From 9f128aeba65b4b70353bc33bc373e5e55f138a88 Mon Sep 17 00:00:00 2001
From: Jannis Limperg <jannis@limperg.de>
Date: Sun, 29 Sep 2024 13:24:11 +0200
Subject: [PATCH] 03: fix explanation of capture-avoiding substitution

As pointed out by Kayla Thomas [1], the paragraph on capture-avoiding
substitution used an example that didn't actually demonstrate capture-avoiding
substitution.

While I was at it, I also made the explanation a bit more explicit.

[1] https://leanprover.zulipchat.com/#narrow/stream/239415-metaprogramming-.2F-tactics/topic/.22Metaprogramming.20in.20Lean.204.22/near/473287822
---
 lean/main/03_expressions.lean | 39 +++++++++++++++++++++++------------
 1 file changed, 26 insertions(+), 13 deletions(-)

diff --git a/lean/main/03_expressions.lean b/lean/main/03_expressions.lean
index 3a247c6..6d044c6 100644
--- a/lean/main/03_expressions.lean
+++ b/lean/main/03_expressions.lean
@@ -113,22 +113,34 @@ and a curse
 
 ## De Bruijn Indexes
 
-Consider the following lambda expression `(λ f x => f x x) (λ x y => x + y) 5`,
-we have to be very careful when we reduce this,
-because we get a clash in the variable `x`.
-
-To avoid variable name-clash carnage,
-`Expr`s use a nifty trick called __de Bruijn indexes__.
+Consider the lambda expression `(λ x : ℕ => λ y : ℕ => x + y) y`.
+When we evaluate it naively, by replacing `x` with `y` in the body of the outer lambda, we obtain `λ y : ℕ => y + y`.

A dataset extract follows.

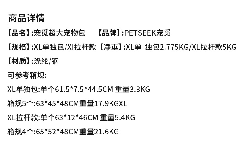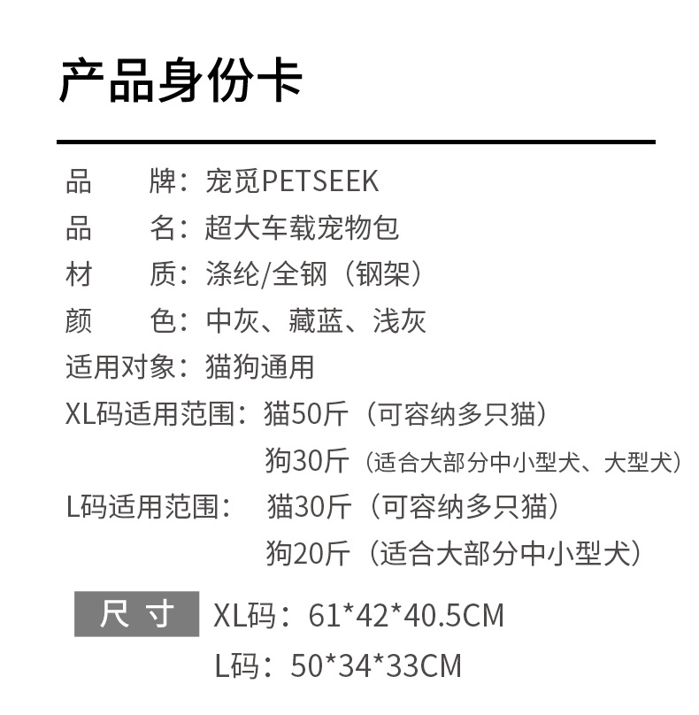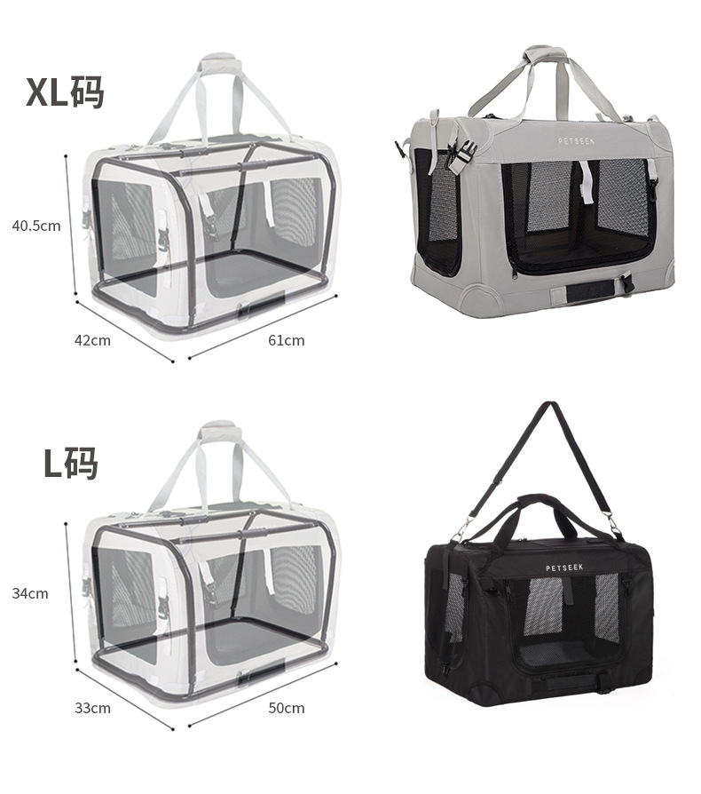 • XL 사이즈(61*42*40.5cm)는 고양이 25kg마리/개 15kg마리에게 적합합니다.

+But this is incorrect: the lambda is a function with two arguments that adds one argument to the other, yet the evaluated version adds its argument to itself.

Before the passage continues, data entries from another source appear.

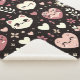 Este patrón de gatos kawaii, corazones y flores tiene una variedad de caras adorables con forma de corazón sobre un fondo negro, adornadas con flores y hojas pequeñas. La manta es un regalo perfecto para San Valentín o cumpleaños.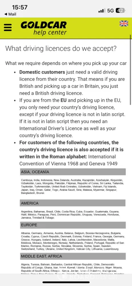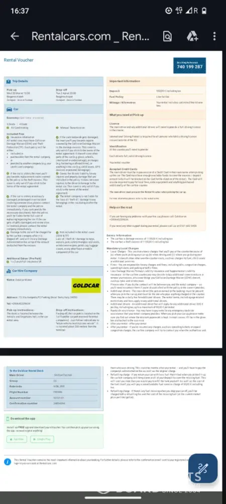 I have the confirmation from (Goldcar/Economybookings).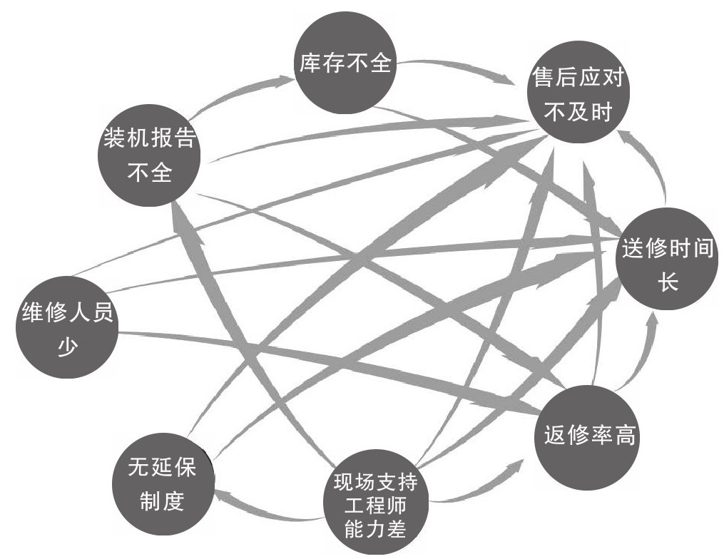 之后,我们分析所列问题之间的两两关系。例如,是“送修时间长”的问题导致或影响到了“售后应对不及时”的问题,那么箭头是从“送修时间长”指向“售后应对不及时”。

+The root of the issue is that the name `y` is used for both the variable outside the lambdas and the variable bound by the inner lambda.

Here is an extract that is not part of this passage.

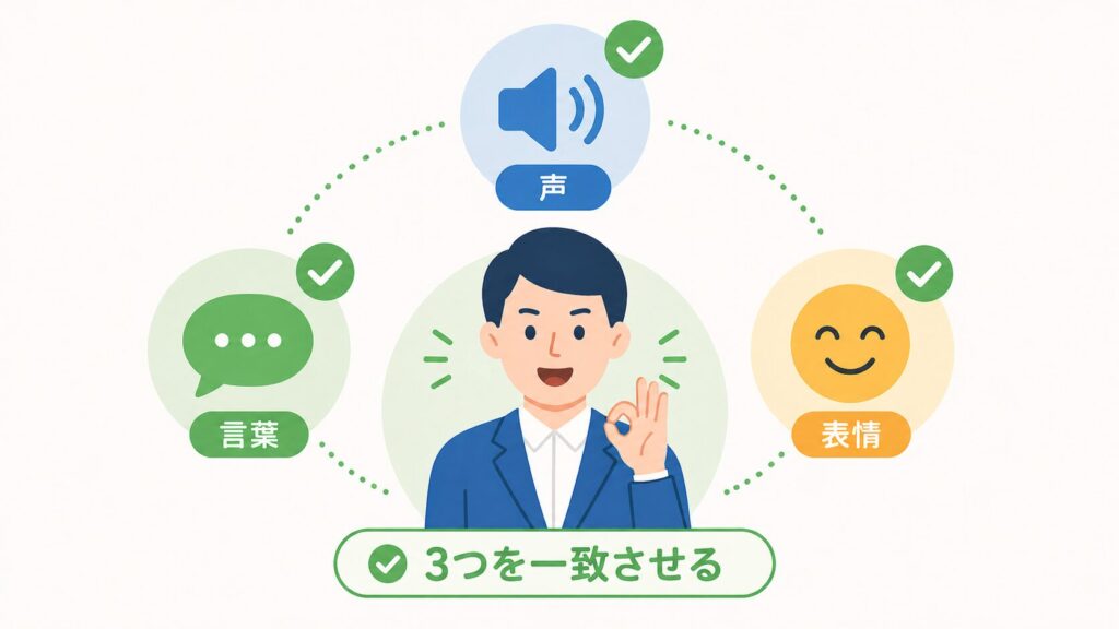 つまり、伝えたい内容と、見た目や話し方が一致していないと、相手に正しく伝わらないことがあるということです。

+Having different variables use the same name means that when we evaluate, or β-reduce, an application, we must be careful not to confuse the different variables.
+
+To address this issue, Lean does not, in fact, refer to bound variables by name.
+Instead, it uses __de Bruijn indexes__.
 In de Bruijn indexing,
 each variable bound by a `lam` or a `forallE` is converted into a number `#n`.
-The number says how many binders up the `Expr` tree we should look
-to find the binder which binds this variable.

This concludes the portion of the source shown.